I didn’t have an answer; I collapsed onto the
couch, “Daddy I don’t know what to do. A month ago I had no boys, I
had my books and Blake. Now I have too many boys to pick from, a
stalker, a new bff who is a total moron but I really love her, and
I haven’t read a book in weeks and Blake, wtf dad. He’s dating
Alise, which I get she’s hot but come on. She’s horrid.” Suddenly
the memory came back, I remembered lying in the grass thinking how
handsome Shane was telling him I didn’t get why he liked my sister.
He was staring at me the way he did tonight. He was going to kiss
me that night before Alise came stumbling out onto the grass
cussing like a pig and tripping everywhere.

“Honey no amount of daddies you say, which we
both know I love when you say it, will solve your problems. You
need some separation and time. Your sister is not horrid Aimee
that’s a cruel thing to say, she’s just extreme and passionate in
everything she does.” He patted my head and went into the kitchen.
I rolled my eyes at him.

I pulled a pillow over my face and screamed a
little. I pulled the pillow off and sat up slowly still nursing my
side which felt better than it had in ages even with Shanes’
forceful kiss, “you’re right dad I need Emma.”

He groaned, “No please anything but Austen.”

I shook my head walking over to where my moms’
movie collection sat, “Maybe you’re right, Sense and Sensibility.
Marianne would have had a much better life if she had chosen wisely
and picked Colonel Brandon over Willoughby. They had passion but it
wasn’t enough and she nearly died. Whereas Colonel Brandon loved
her enough from the beginning and if she had chosen prudently she
would have been spared that pain.”

My dad sighed making us both an omelet, “When
has the heart chosen wisely my dear. As a scientist I will say love
is one thing for certain we will never understand, not fully.”
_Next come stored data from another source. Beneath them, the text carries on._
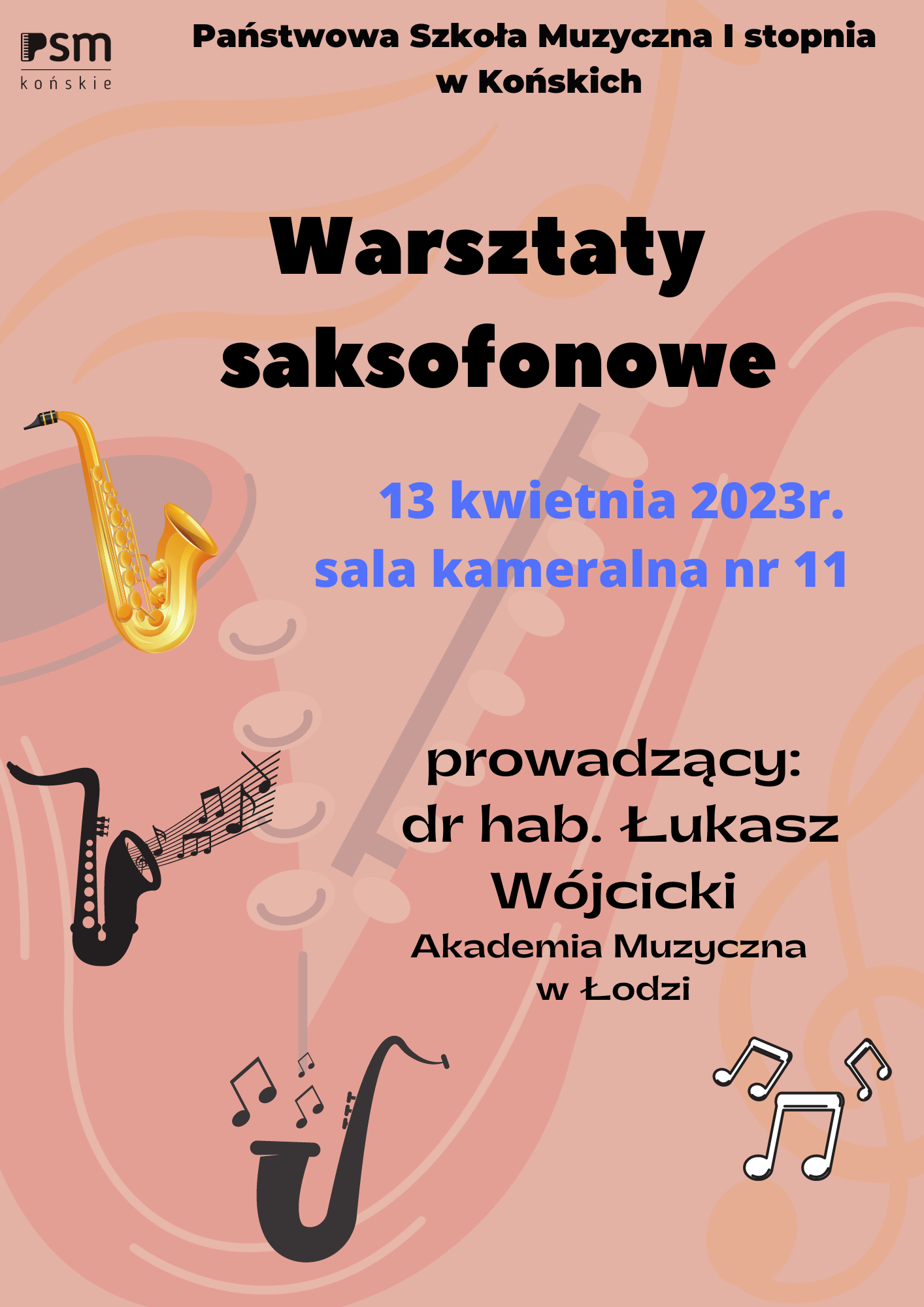 13 kwietnia 2023r. w sali nr 11 odbędą się w naszej szkole warsztaty saksofonowe, które poprowadzi
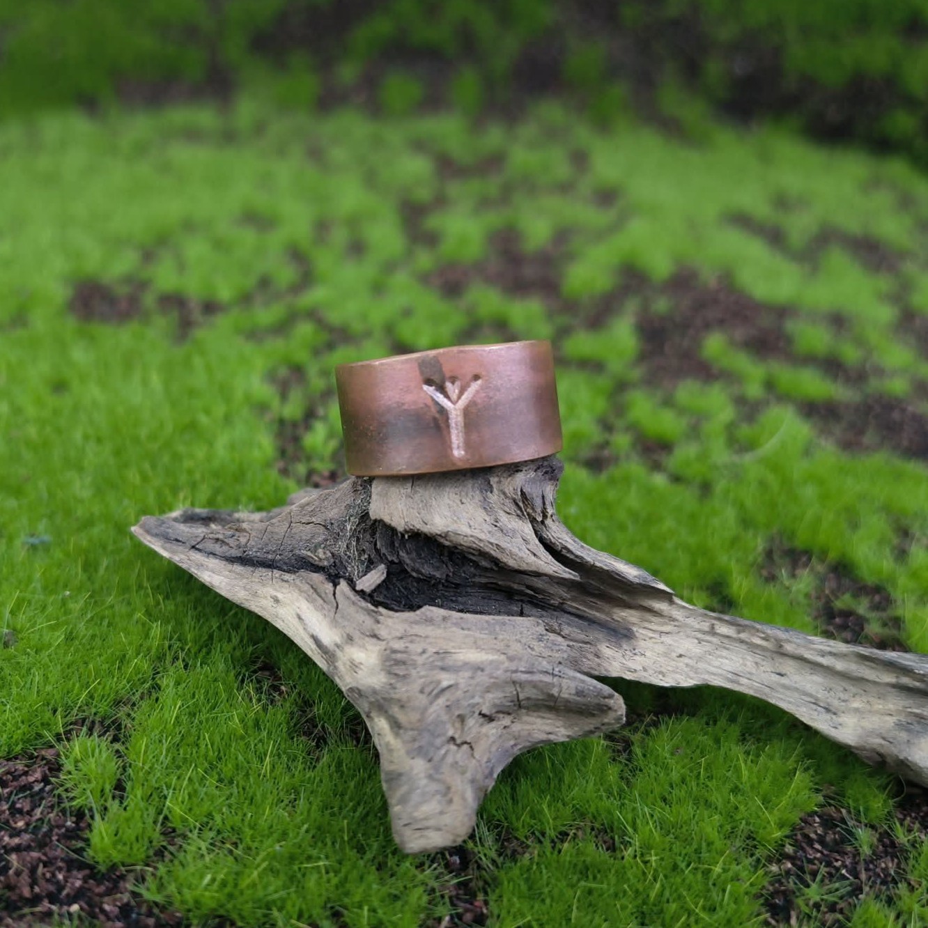 Pierścień miedziany o czerwonej barwie - powstającej dzięki wypalaniu miedzi. Z wybitą runą Algiz Pierścień o rozmiarze ok 13-20.
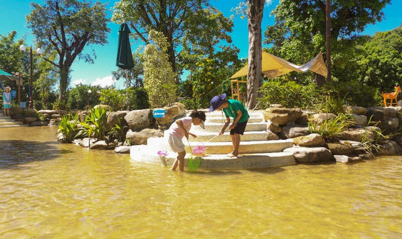 【抓鱼摸虾区】:在小溪中追着鱼儿跑,小朋友能和父母或小伙伴们在森林海体验挽起裤脚、手拿渔网、横跨池塘、抓鱼摸虾的乐趣,如果你非常厉害抓到战利品,还可以把你的专属小鱼带回家。
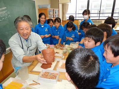 土器作りに挑戦しました 6年生 2019年11月27日 19時20分 今日は、6年生が縄文土器作りに挑戦しました。まずは、福島市の文化財調査室の新堀さんから土器の作り方を教えていただきました。土器の形の作り方、模様のつけ方などを教えてもらいながら、粘土をこねること2時間。それぞれイメージしていた通りの土器を作り上げることができました。「粘土の感触が気持ちよかった」「形を作るのがなかなか難しかった」「もっと作りたい」などの声が聞こえてきました。
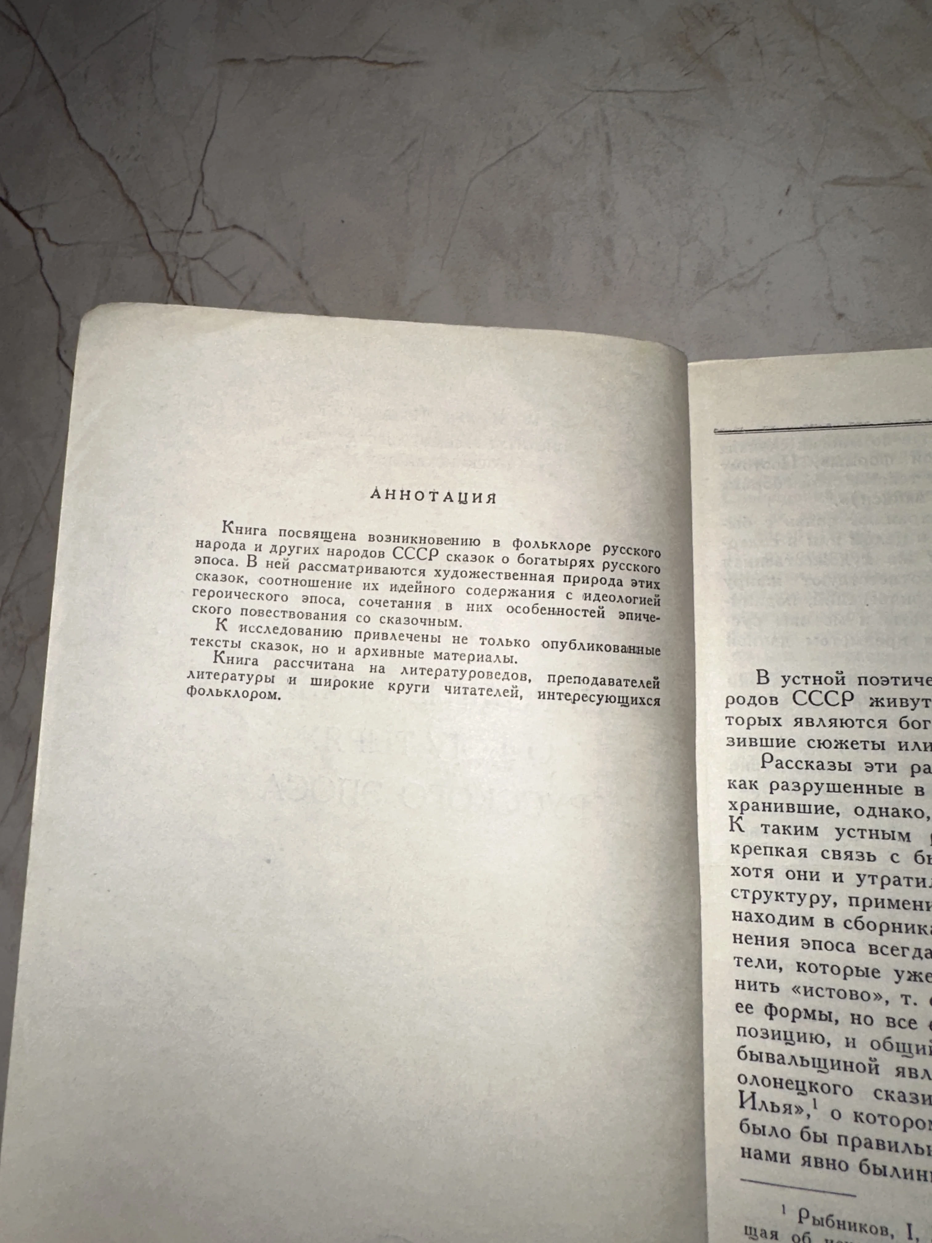 Фотография открытой страницы книги с заголовком Аннотация, содержащей текст о возникновении сказок про богатырей в фольклоре народов СССР.
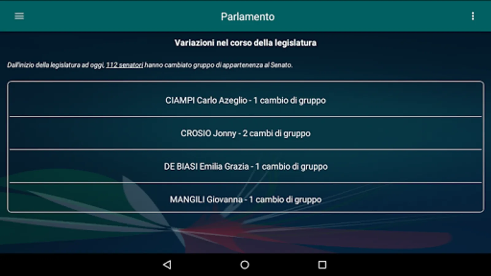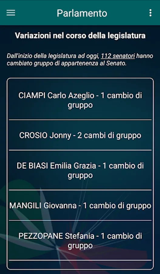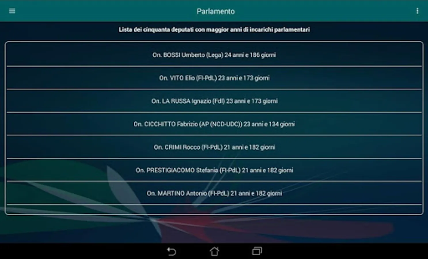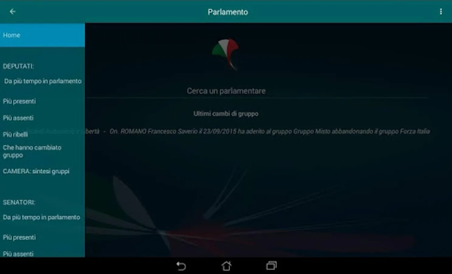 The application allows you to view the latest changes that took place in the parliamentary groups and the list of deputies and senators who sit for longer in the Italian Parliament.
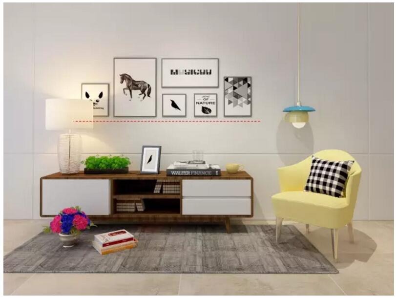 b. 根據(jù)屋主身高為參考,畫的中心在屋主雙眼平視高度再往上100~250mm為宜,這個高度不用抬頭或低頭,是最舒適的看畫高度;
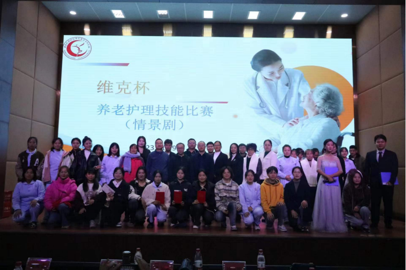 为激发养老护理员学技术、练本领、比技能的热情,增强对养老护理职业的认同感、荣誉感,推进养老护理的标准化、专业化发展,激励养老专业学生的不断学习和进步,提升对老年人的关爱和护理能力,职教系以校园文化艺术节为契机,结合专业教研成果,于2023年11月19日上午9:00在学术报告B厅举行“维克杯”养老护理技能比赛(情景剧),此次比赛有6支队伍参加角逐。出席本次比赛的领导和嘉宾有学校党委委员、副校长王晓东,江门职院经管学院副院长胡志权,西昌邛海国际康养社区副院长熊文兰,护理科主管赵飞雁,职业教育系党总支书记、系主任曾艳,职业教育系党总支副书记、系副主任李刚,职业教育系党总支委员、系副主任秦毓志。
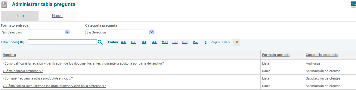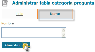 Al dar clic en esta opción, se ilustrará los filtros necesarios para buscar los nombres de las categorías de preguntas creadas y las dos opciones de “Lista” y “Nuevo”.
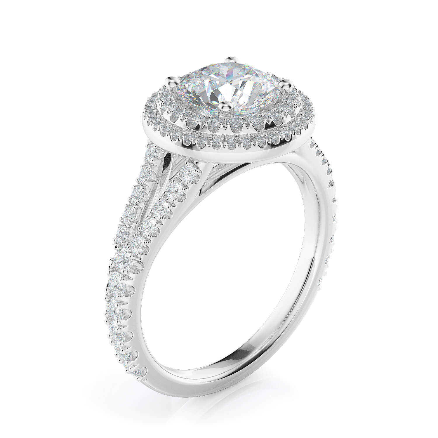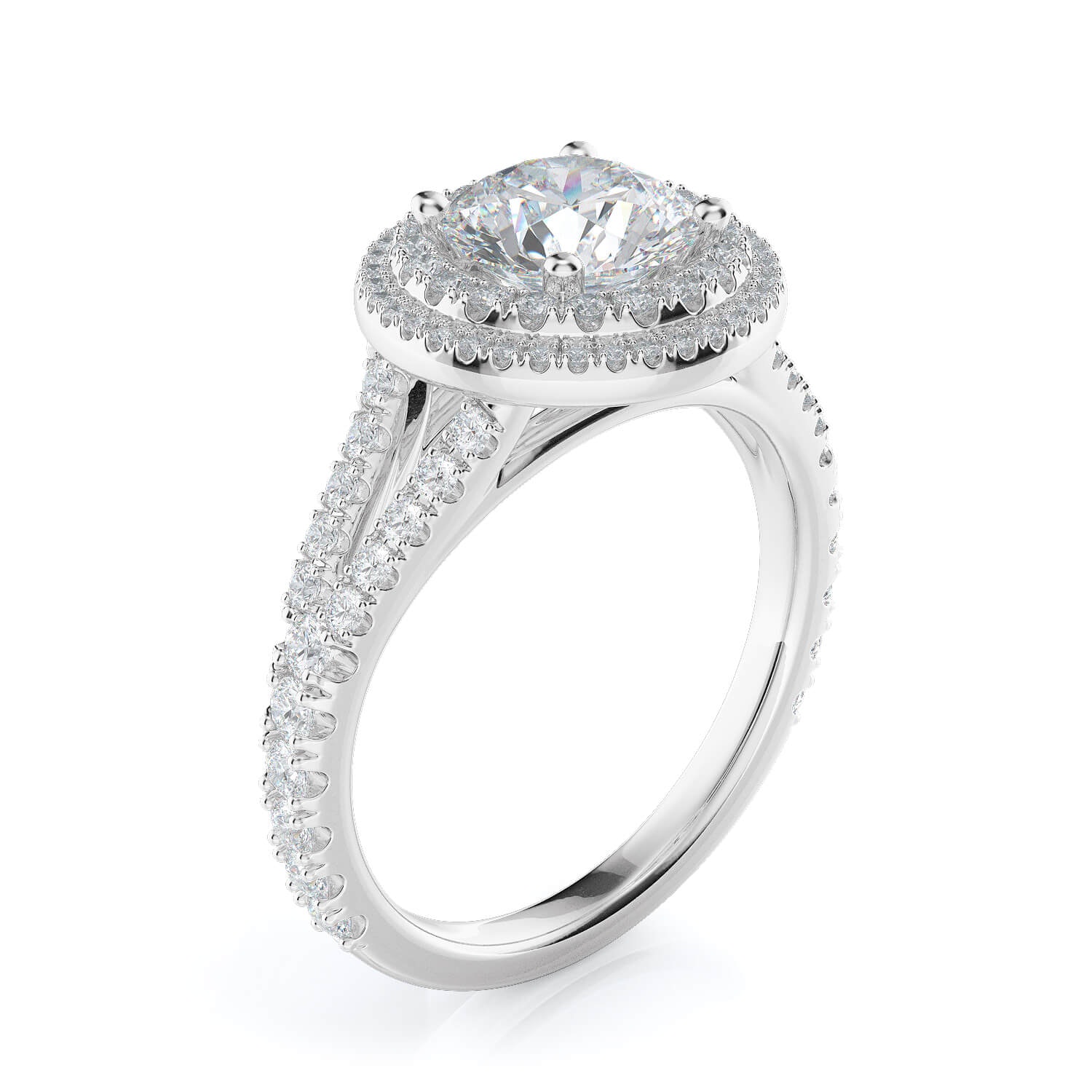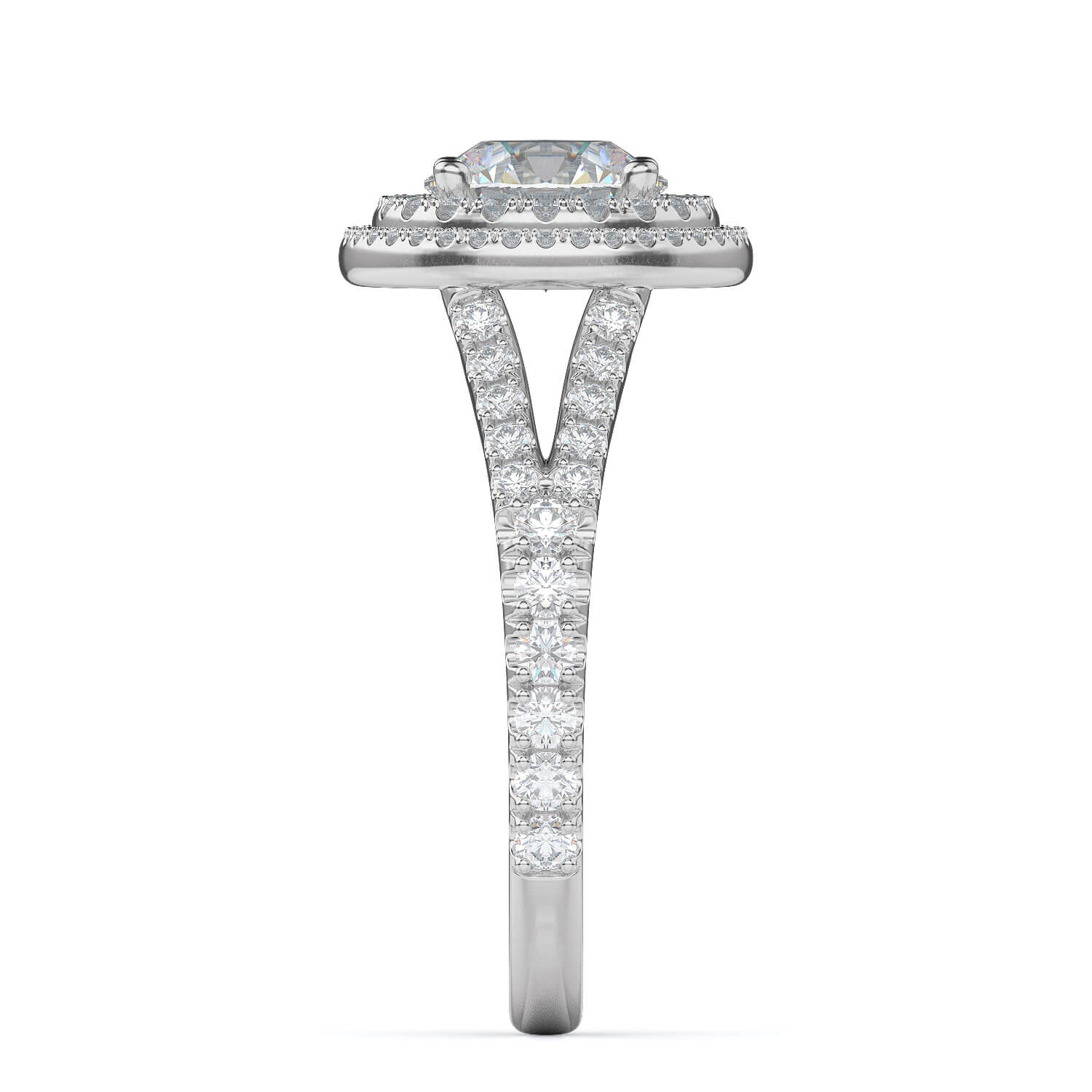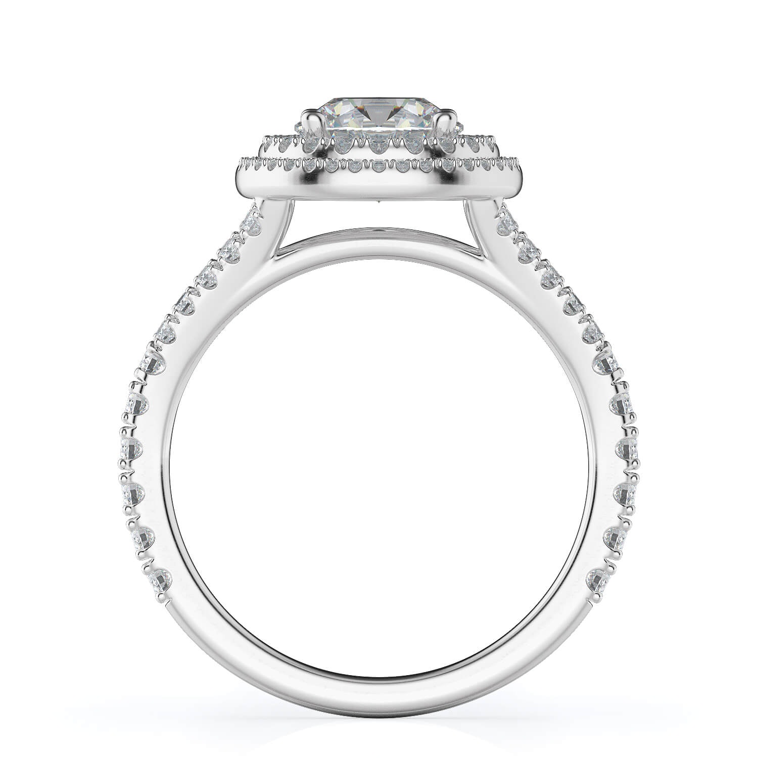 Designed to dazzle, the Dione setting pairs a bold round halo with a double row of pavé-set diamonds along the band, delivering brilliance from every angle. The elevated setting allows light to flood the centre stone, maximising its sparkle while the intricate under-gallery adds a refined finishing touch.

“You’re a big man admitting that you don’t
completely understand the chemicals inside of us completely.”

He laughed, “I like that prejudice one better. I
rather enjoy that Darcy fellow. He is a man after my own heart.
Things seem simple with him. Can’t we watch that?”

I frowned at him over the couch, “No it has no
bearing on my love life at this moment. Her situation with Darcy
and Wickham is nothing like mine, neither of the boys I like are
wicked like he is. Dad I have never had a love life, something has
changed in me. I need to honor it with Austen and I think either
Emma and the triangle with Frank Churchill and Mr. Knightly or
Marianne, Brandon and Willoughby.”

He shook his head, “I liked you better when you
were more like me and less like your mom.”

I stuck my tongue out, “Fine Sense and
Sensibility then. Even you’ll cry.”

My dad carried in our plates of fruit and
omelet’s into the living room while I set up the movie. We didn’t
have a huge TV or a great surround sound system, we were fireplace
and a good novel in hand sort of people.

I had never been a dramatic kid so for the first
time to be enjoying being caught in a triangle I let go of the
situation I was in and just enjoyed the movie with my dad who I
believe might have even shed a slight tear toward the end.